Mao Zedong reste un des personnages les plus connus et les plus passionnément controversés du XXe siècle et de l'histoire de Chine.

C'est lui qui en définitive a rendu à la Chine moderne son indépendance et son unité, suite à la lutte pour le pouvoir avec le Guomindang. Mais les carences des programmes les plus significatifs de Mao – le Grand Bond en avant et la Révolution culturelle surtout - ont été vivement mises en avant.

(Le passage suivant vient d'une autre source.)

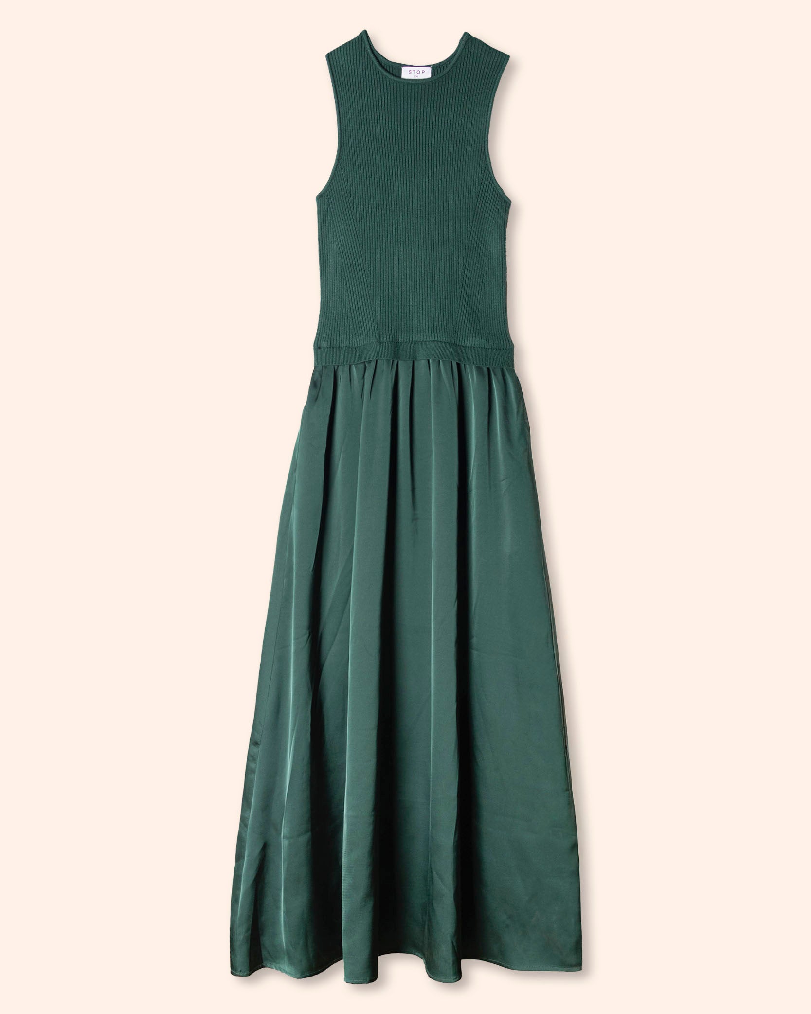 Descubre la elegancia y el confort de este vestido largo de STOP. Está confeccionado en una combinación de 2 tipos de tejido: tejido de punto en la parte arriba, que se ajusta al cuerpo y una tela satinada en la parte de abajo, que brinda libertad de movimiento y suavidad al tacto. Cuenta con cuello redondo y no tiene mangas, brindando frescura y confort. Encuéntralo disponible en color negro y verde botella.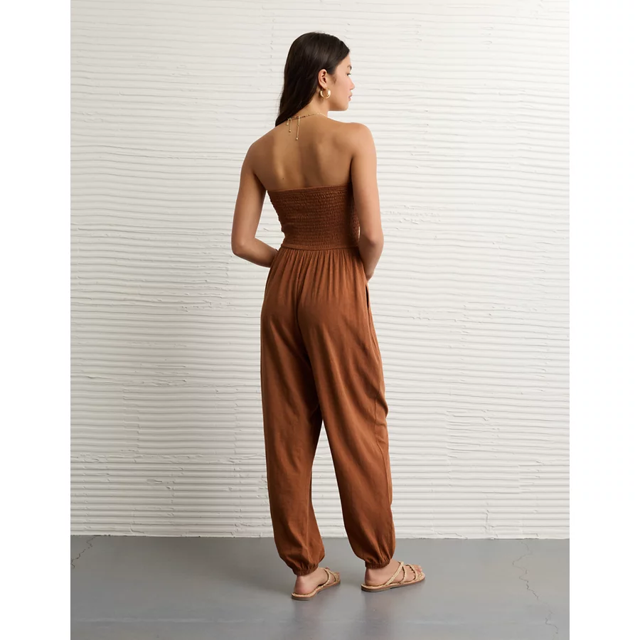 AE Sunchaser Knit Smocked Tube Jumpsuit – Amber Brown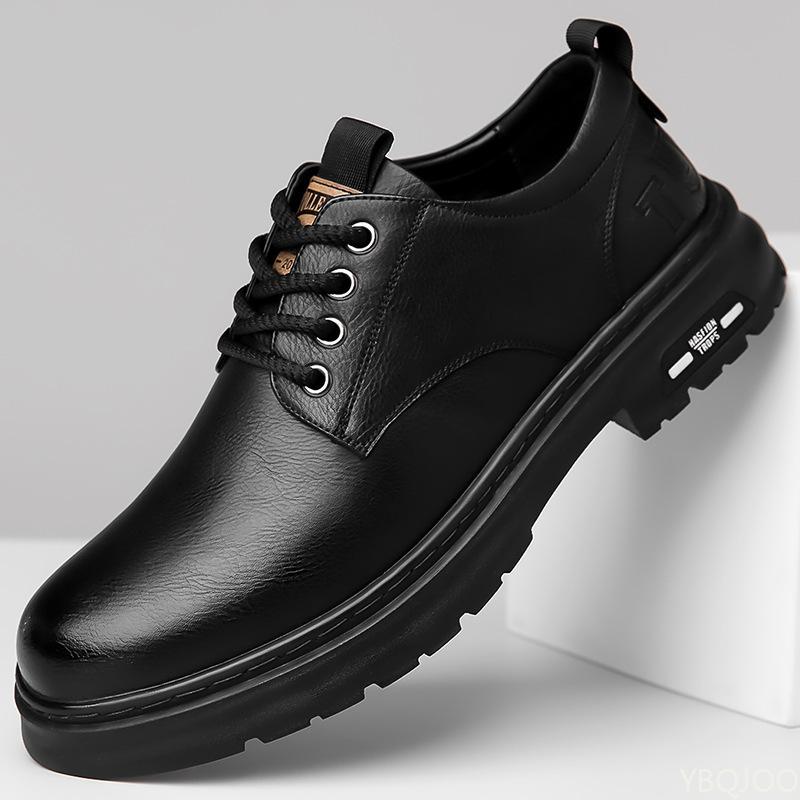 Retro New Men'S Leather Shoes Handmade Business Casual Workwear Men Shoes Solid Color Lace Up Soft Sole Breathable Sports Shoes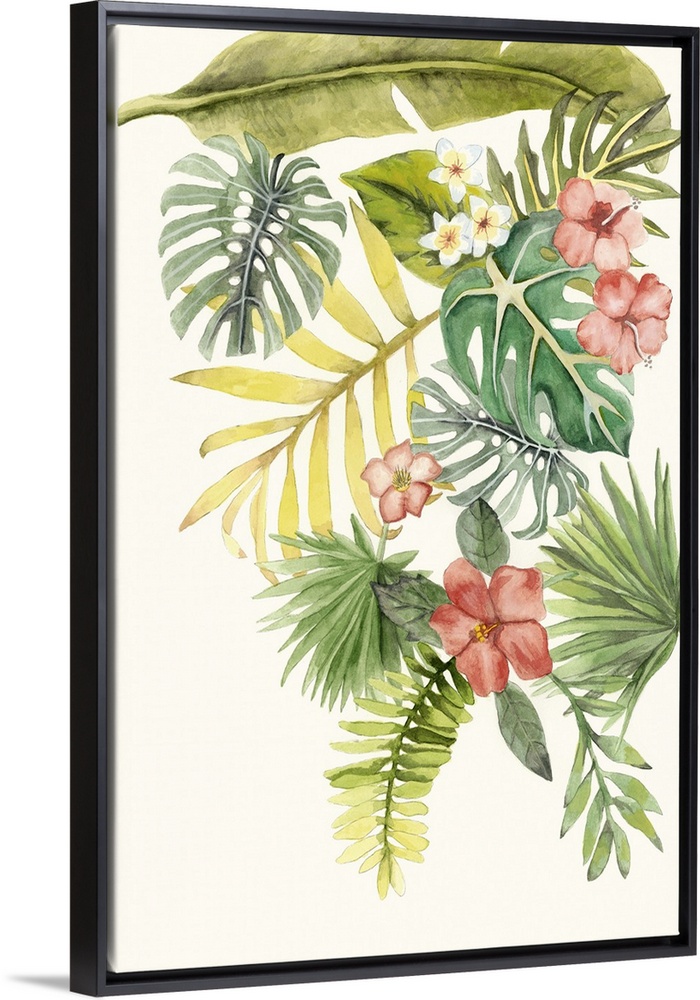 <p>Watercolor painting of a collection of tropical leaves and flowers.</p>

Leur coût exorbitant se chiffre de fait aujourd'hui en dizaines de millions de morts[1] et en pas moins de vies gâchées et de destins brisés, sans oublier le gaspillage énorme de ressources et d'énergies, d'incontestables régressions économiques, écologiques et techniques, l'étouffement à terme de la créativité culturelle chinoise et de l'identité des minorités ethniques (Tibet en tête), ou les déchaînements de vandalisme. Il reste délicat aussi d'évaluer dans son action et ses idées la part de l'idéologie socialiste, souvent largement utilisée comme propagande de façade, et la part des jeux de pouvoir en sa faveur, qui semblent avoir dominé ses choix politiques pour la Chine.

Il reste enfin difficile de juger de la place de Mao dans la continuité de la très longue histoire chinoise : rupture radicale avec le passé, ou règne d'un nouvel empereur de Chine d'une nature inédite ? Presque jamais sorti de Chine, nourri de la culture classique de l'ancien Empire du Milieu, lui-même poète, calligraphe et écrivain à ses heures, Mao Zedong semble à beaucoup avoir souvent autant puisé dans l'héritage de Confucius que dans celui de Karl Marx. Il entendit d'ailleurs adapter le marxisme à la situation chinoise, en faisant dès les années 1920 de la paysannerie et non plus de la classe ouvrière le moteur du combat révolutionnaire et de la transformation sociale.

Bien que toujours officiellement respecté en Chine, il n’est plus une référence pour un régime dont les politiques ont divergé de celles préconisées par Mao. Des partis et groupuscules maoïstes à travers le monde continuent à révérer Mao comme un grand révolutionnaire dont la pensée serait la quintessence du marxisme. Dans le monde, des hommes souvent à mille lieues du marxisme et du maoïsme ont salué en lui un stratège militaire de génie, un patriote ayant su rendre sa dignité à son pays, un leader du Tiers-Monde et un personnage d'une envergure historique peu commune, dont l'épopée fascine encore aujourd'hui. Mais de plus en plus d'historiens démontent la légende et insistent sur les travers de l'homme et sur le dictateur aux choix souvent malencontreux et ayant causé la mort de plusieurs dizaines de millions de personnes en Chine (65 millions selon Le Livre noir du communisme, 70 millions selon Mao. L'histoire inconnue).